There is a visceral sinking, a drop out in the gut, that hits the moment I realize the water system is down. This week it occurred in the form of a morning phone call from two of the World's Best Neighbors, informing me that their tank was empty and inquiring about the status of mine. They get my overflow. I had been tinkering with my ram pump system the previous week, replacing the weak link again. (The weak link is the only plastic part in the system, a check valve between the pump and the delivery line. The plastic casing keeps cracking under all the pressure. I'm going to try to get a metal one custom made in the local factory.) Skipping over the tedious details of the troubleshooting steps of repairing the system, I will focus here on the sensation I experienced when I hiked up to my reservoir, and, upon opening the lid, discovered it to be nearly empty. For me it was like a quick sinking, not dissimilar to the feeling when you drop down hill on a roller coaster. Accompanying the physical gut drop, there was some sort of cerebral switch-over that occurred with equal swiftness. I can best describe this mental shift as turning a dial from a setting that is called "Post-Industrial Modern Brain" to a setting entitled something along the lines of "Lizard Brain." Something old and animal and basic kicked in. All other pending tasks and plans melted into a descending blur down the priority list as all of my mental, physical, and hormonal resources immediately mobilized into a charged and focused mission of securing usable water. Survival instincts kicked in. And it felt like, as my dear neighbor so poignantly put it, "a punch in the gut."
Don't get me wrong here. I live in what is sometimes referred to as a borderline temperate rain forest. Water is an abundant resource in this nook of the southern Appalachians. I personally live in a private little watershed, where a bowl shape of hills and coves collects and cleans water, conveniently dispensing it into a continuous flow of cold, clean, accessible spring water year round. I am at no eminent risk of being without water. But I find it awesome, especially with all that being said, how quickly and efficiently the body switches gears when it perceives a decline in access to basic elemental needs. I can only begin to ponder the psychological and physiological state of humans living in drought-stricken parts of the earth.

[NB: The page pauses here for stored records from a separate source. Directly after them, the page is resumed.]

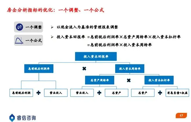 那我们其实也跟很多专家做了一个探讨,我们每年在出房地产上市公司的白皮书的时候也对此做一些研究。后来,我们做了一个比较有意思的调整;后面也会跟大家做分享。我们做了一个什么调整呢?常规房地产企业的这种经营分析,是从我们的净资产收益率,以这个为起点进行分析的,但由于结转的问题带来很大的麻烦。所以,我们从去年开始,对房地产企业的分析,其实做了一个基调的调整,是以投资资本的回报率以这个指标为核心。这一个基调的调整是什么呢?就是我会用现金流入这样的一个指标,作为最基础的指标,相当于是把它重新进行一个收入确认来看这家房地产企业的经营收入。同时,也能够更好地衡量他的周转情况;另一个是投入资本回报率,我们是把投入资本,是用有息负债和你自己的股份自有权益作为你投入房地产所有的资本。那看他的收益到底好还是坏,不管你赚的,比如说你利润高或者你周转快,最终,在这个指标中会把它体现出来。然后,在这个基础之上,再做一些相应的分解。比如,分解成息前税后的利润率以及总资产周转率,还有一个投入资本的杠杆率等这样的一些指标。这样分解完之后,我们后续做了几张图,大家有兴趣的可以仔细看一下,非常有意思。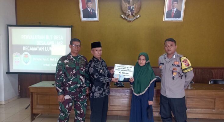 Ciamis – Sebanyak 13 Keluarga Penerima Manfaat (KPM) di Desa Awiluar, Kecamatan Lumbung, Kabupaten Ciamis, hari ini, Kamis 12 Juni 2025, merasakan kebahagiaan. Bertempat di Aula Balai Desa Awiluar, telah dilaksanakan penyaluran Bantuan Langsung Tunai (BLT) yang bersumber dari alokasi Dana Desa tahun 2025.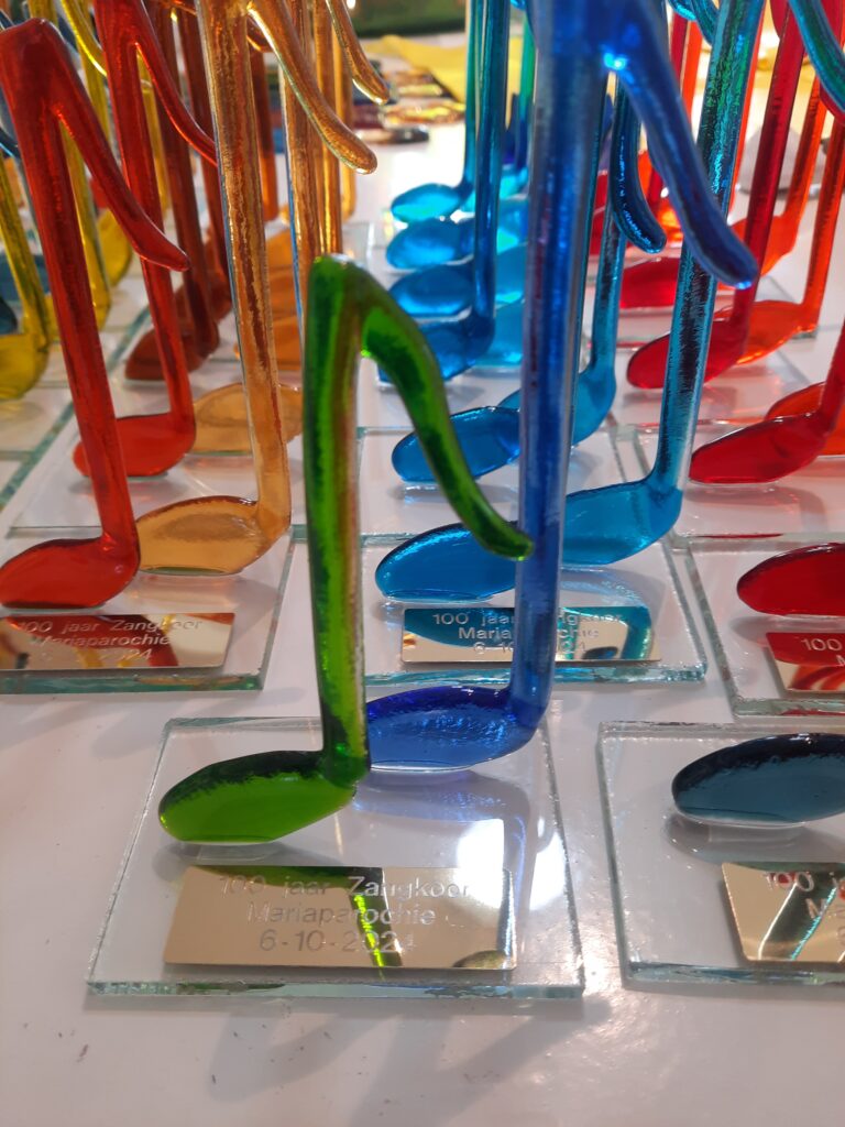 Afscheidscadeau voor alle koorleden met een gepersonaliseerde gravure.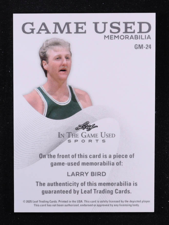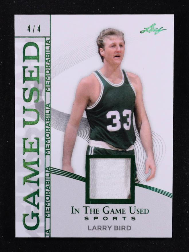 Larry Bird 2025 Leaf ITG Used Sports Game Used Memorabilia Emerald Foil JSY #GM24 #4/4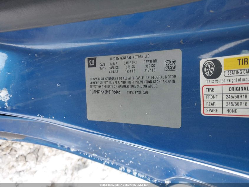2017 CHEVROLET CAMARO 2017 року Бензин, 2.0, Задний привод, vin - 1G1FB1RX0H0116443 из США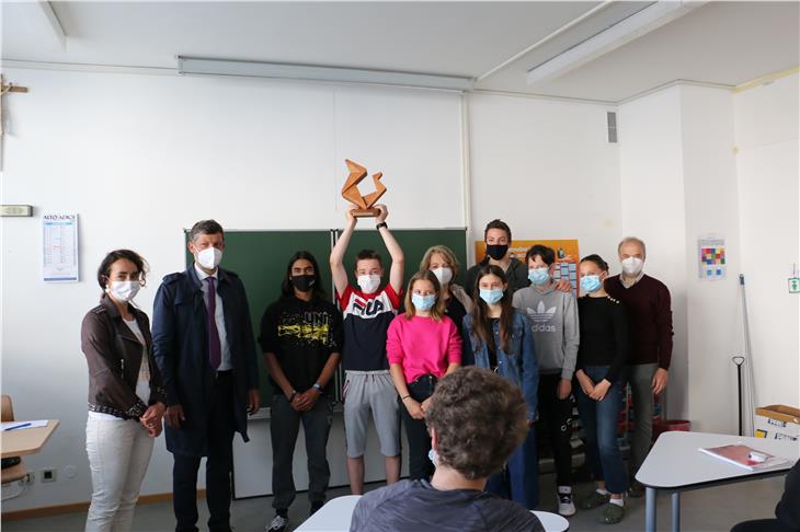 Die Übergabe der Holztrophy an die Klassen 3A der Mittelschule "Ujep Antone Vian" in St. Ulrich, die anstehenden Abschlussprüfungen und die Besonderheiten des Corona-Schuljahres standen im Mittelpunkt der Gespräche mit den Vertretern der Schulen in Gröden, die der ladinische Bildungslandesrat Daniel Alfreider und Schulamtsleiterin Edith Ploner heute (3. Juni) in der Mittelschule in St. Ulrich sowie im Kunstgymnasium und der Landesberufsschule für Kunsthandwerk "Cademia" und der Wirtschaftsfachoberschule "Raetia" führten.
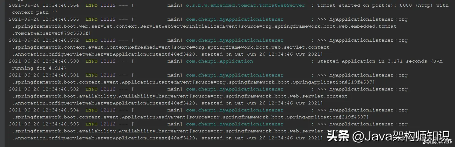 2021-06-26 16:15:09.606 INFO 10992 --- [ main] com.chenpi.MyApplicationListener : >>> MyApplicationListener:MyApplicationEvent{myField='我是自定义事件属性', source=我是事件源,项目启动成功后发布事件}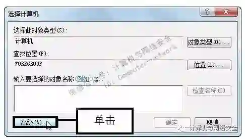 步骤3:单击“高级”按钮,弹出“选择计算机”对话框,单击“高级”按钮。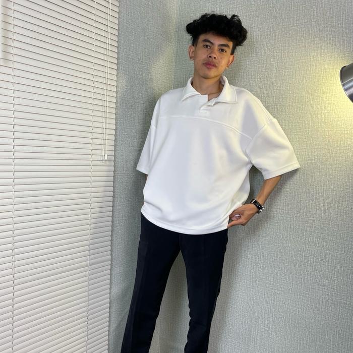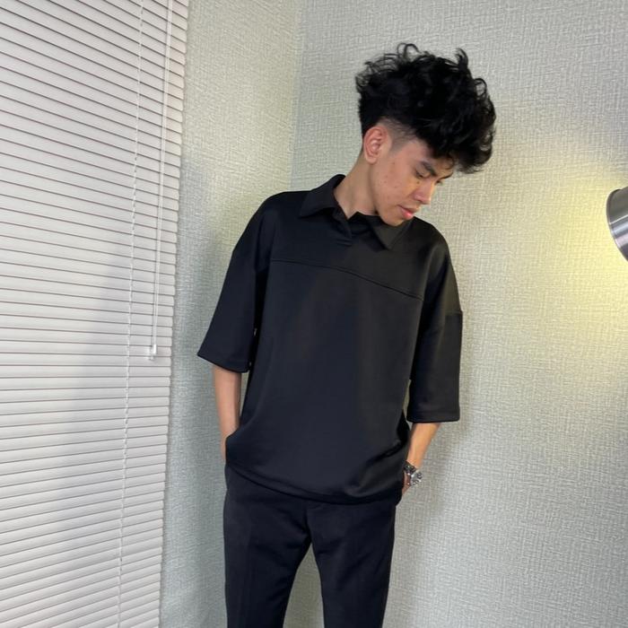 SAYNT BOXY POLO TSHIRT | KAOS POLO SCUBA KERAH POLOS | BOXY FIT SCUBA - HITAM, M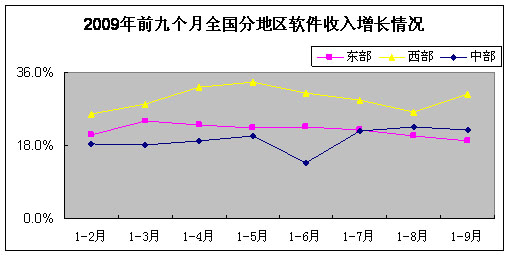 1-9月,东部地区累计完成软件业务收入5793.5亿元,占全国的85.5%,同比增长19.2%,增速比去年同期下降13.6个百分点,比1-8月降低1.2个百分点;西部地区累计完成软件业务收入555.4亿元,同比增长30.7%,增速比去年同期低4.8个百分点,比1-8月提高4.4个百分点;中部地区累计完成软件业务收入426亿元,同比增长21.7%,增速比去年同期下降0.8个百分点。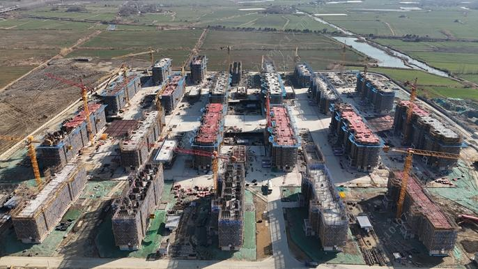 鄭蒲港新區城市更新A小區項目位於馬鞍山市鄭蒲港新區和州大道南段,總建築麵積約為327940.27平方米,主要建設25棟11-18層住宅樓、2棟配套商業、1棟幼兒園、1棟農貿市場及配電房、地下車庫、配套物業及社區用房等。一季度以來,項目團隊堅持“日保周、周保月、月保總體計劃”的路徑,優化施工組織、加強資源配置、強化現場管控,紮實開展“基礎管理提升三年行動”,聚焦重點任務、關鍵節點“靶向發力”,確保各項節點穩步推進。截至目前,項目地庫區域已全部封頂,8#住宅樓預計將於近期封頂,全部單體已進入二次結構砌築準備階段。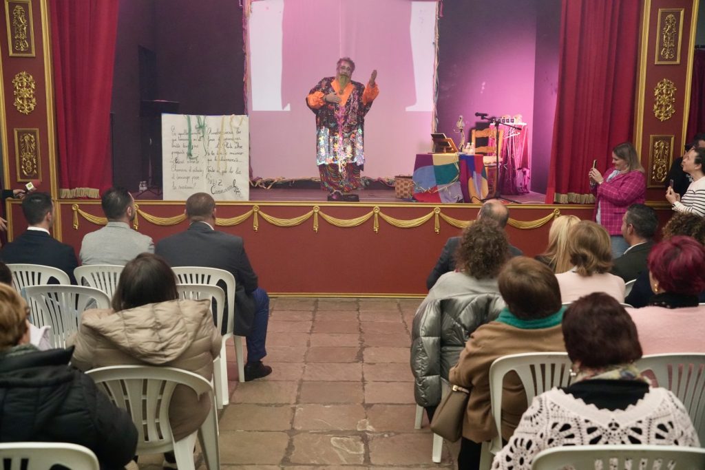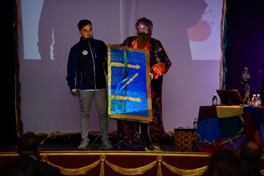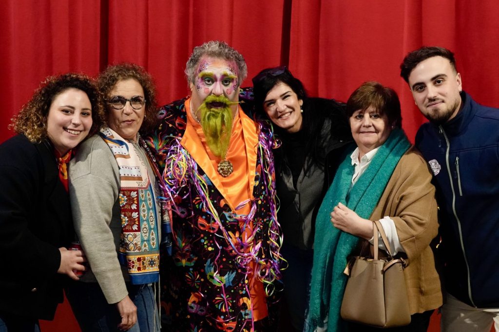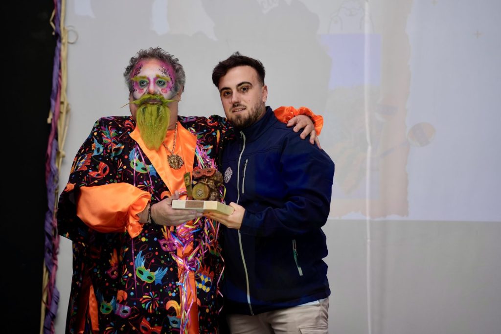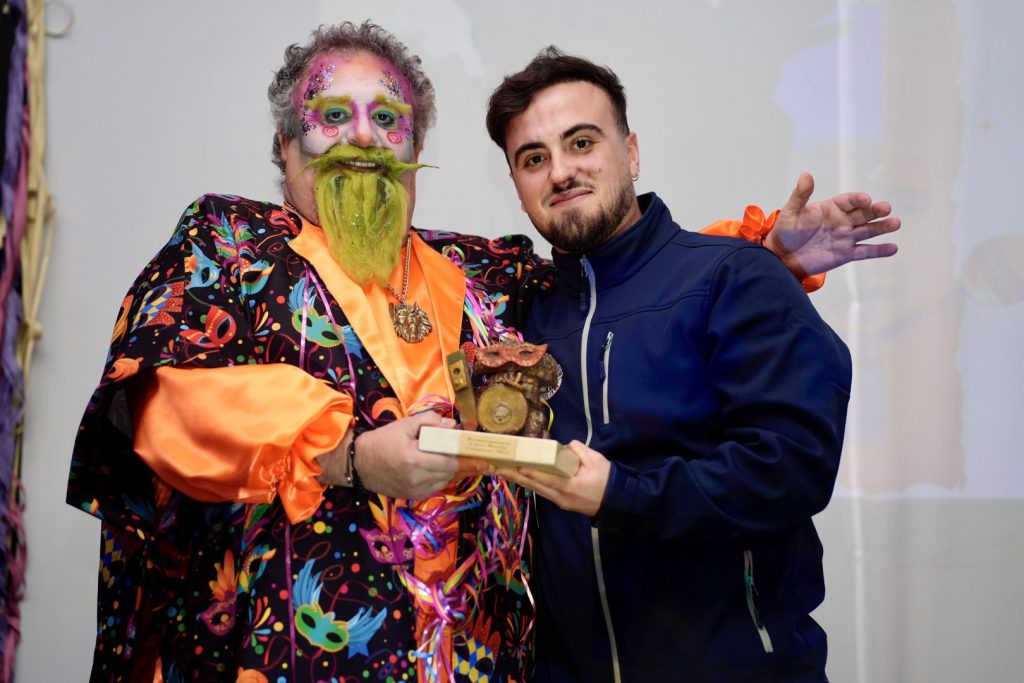 Al finalizar el pregón, su propio hijo y socio de la asociación carnavalera barreña, Alberto Ortega, le entregó la escultura representativa de la entidad, la Montera del Torero con más mascara y adornos carnaveleros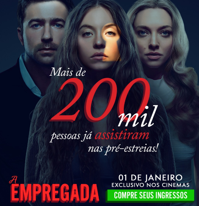 Com exibições limitadas a apenas uma sessão diária, realizadas entre os dias 19 e 21 e de 25 a 31 de dezembro, o filme A Empregada (The Housemaid), distribuído pela Paris Filmes, já ultrapassou a marca de 200 mil espectadores nos cinemas brasileiros. Baseado no livro homônimo de Freida McFadden, o elogiado suspense chega oficialmente ao circuito comercial em 1º de janeiro. A produção registra 92% de aprovação do público no agregador de críticas Rotten Tomatoes, segundo dados apurados em 30 de dezembro de 2025.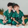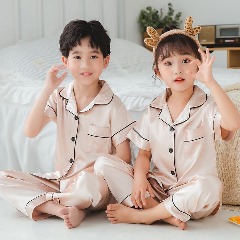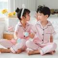Childrens Kids Pyjamas Silk Satin Tops Pant Summer Short Sleeve Long Pant Sleepwear Nightwear Girl Boy Pajama Sets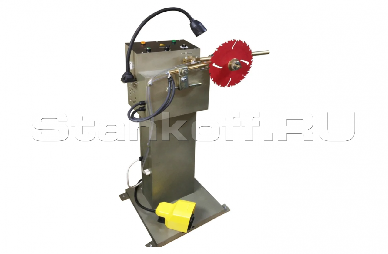 Предназначен для напайки твердосплавных пластин на пилы дисковые и удаления изношенных пластин. Нагрев – электрический. Мощный трансформатор 5 кВт. Система водяного охлаждения ложемента. Система воздушного охлаждения трансформатора.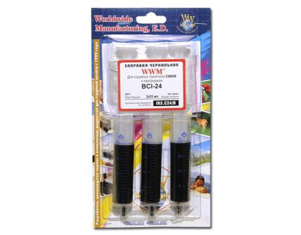 | Заправний набір WWM Canon BCI-24 (3x20мл) Black (IR3.C24 / B) Заправний набір від компанії WWM для струменевих принтерів Canon і картриджів BCI-24, призначений для самостійної заправки, і може без особливих труднощів бути використаний як в офісі, так і в квартирі. До складу цього набору входить три ємності для заправки, з 20 мл водорозчинного чорнила чорного кольору в кожній. |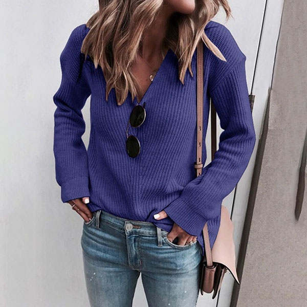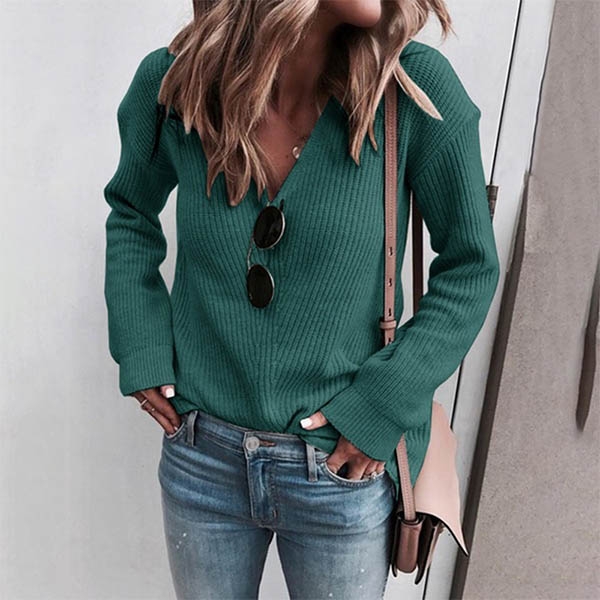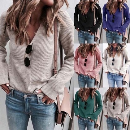 Boasts a solid color,with long sleeve,v-neck and a clean silhouette design,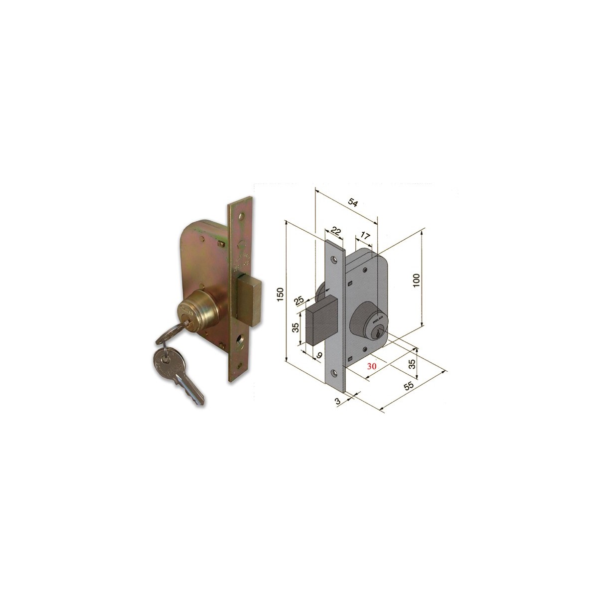 Welka 066.30.00.0 Serratura per cancelli e porte in ferro, 2 mandate, cilindro fisso, fornita con 3 chiavi. Dimensioni: frontale mm.H150xL22, scatola mm.H100xL55xP17, entrata mm.30.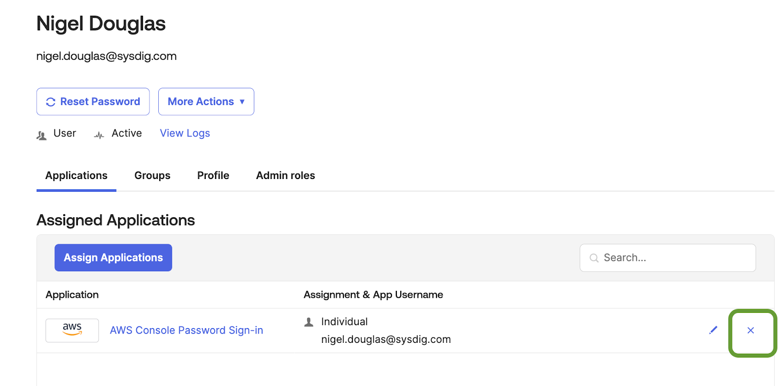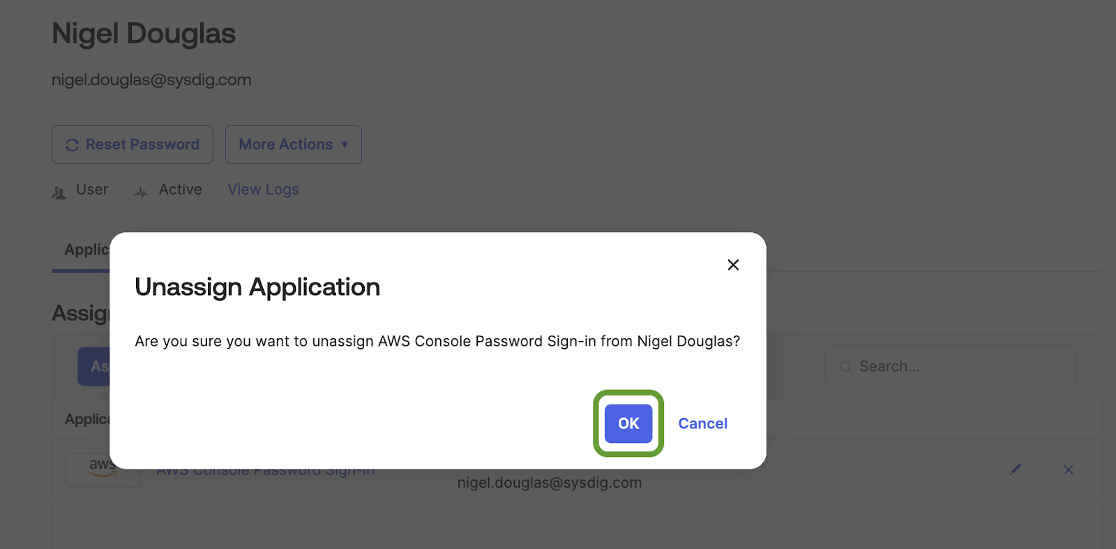 Consequently, we will replicate this specific action and create a custom Falco rule to identify such behavior. As shown in the screenshot below, the admin user is seen removing the application assignment from the user Nigel.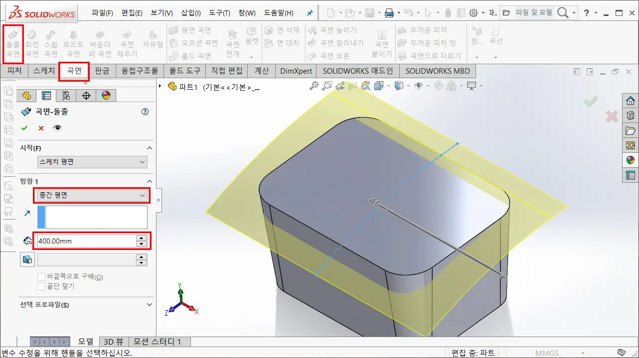 ② 곡면 탭에서 돌출 곡면을 실행하고, 돌출 방향을 중간평면으로 지정한 후, 돌출 값은 400mm 정도로 대략적으로 생성한다.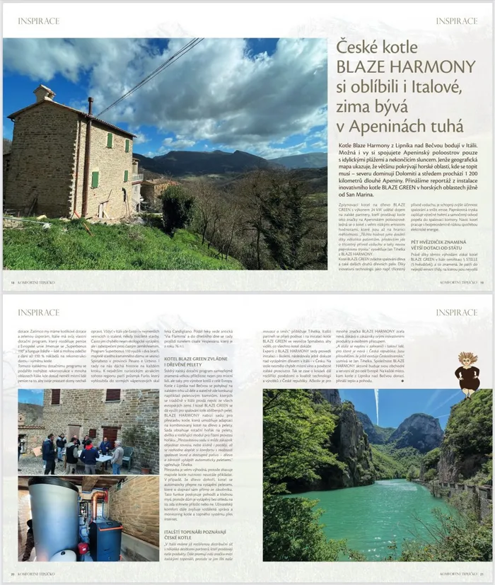 V posledním čísle magazínu Komfortní teplíčko, který se věnuje komfortnímu vytápění peletami, briketami a dalšími dřevěnými palivy, vyšel článek o čerstvé referenci a instalaci našeho ekologického kotle na dřevo BLAZE GREEN v Itálii. Přinášíme Vám přepis tohoto článku se zajímavými informacemi, které Vám přiblíží, jak si s vytápěním dřevní biomasou poradili v této jihoevropské zemi.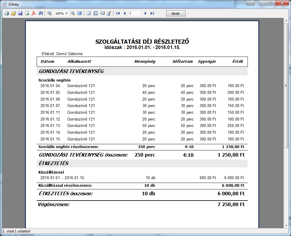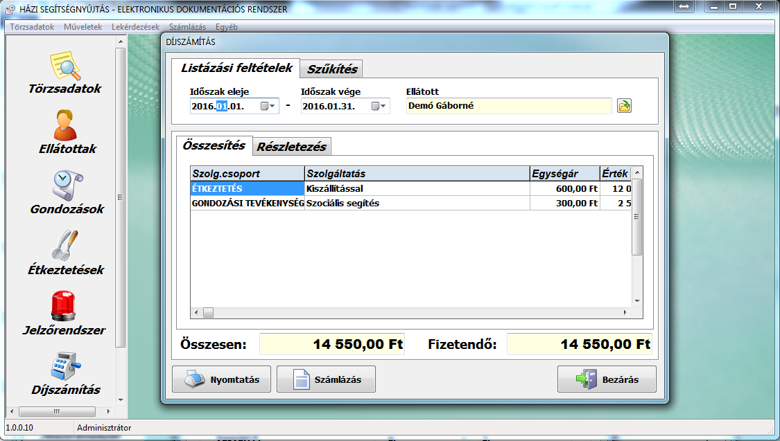 • Térítési díjak pontos számítása az egyéni jövedelemkorlátok figyelembe vételével, díjszámítási részletező nyomtatásával, valamint szükség esetén számla készítési lehetőséggel

Skip the details of fixing the system, which was relatively easy when I think of the on-going benefits and convenience that the system provides, pumping water around the clock, night and day, with no additional power inputs other than water and gravity- supplying 3 households with clean, cold life-blood straight from the teat of the Mother herself. The feeling of buoyancy endowed to the person who realizes she has an ample reservoir of water with more flowing is the instant antidote to the previously described gut-drop fear of the empty tank. Amazing. Light. Free. My list of things to do ascends back to my awareness, but this time everything seems easier. A shift in perception. We have water.
In Traditional Chinese Medicine, each element is affiliated with a major organ system in the body as well as an emotion, time of day, and time of year. Water governs the kidneys, and is associated with winter time and fear. I think I can experience this most readily when I am confronted with situations involving too much or too little water. A dry tank. A flash flood. The fear is instant, primal, real. Elemental.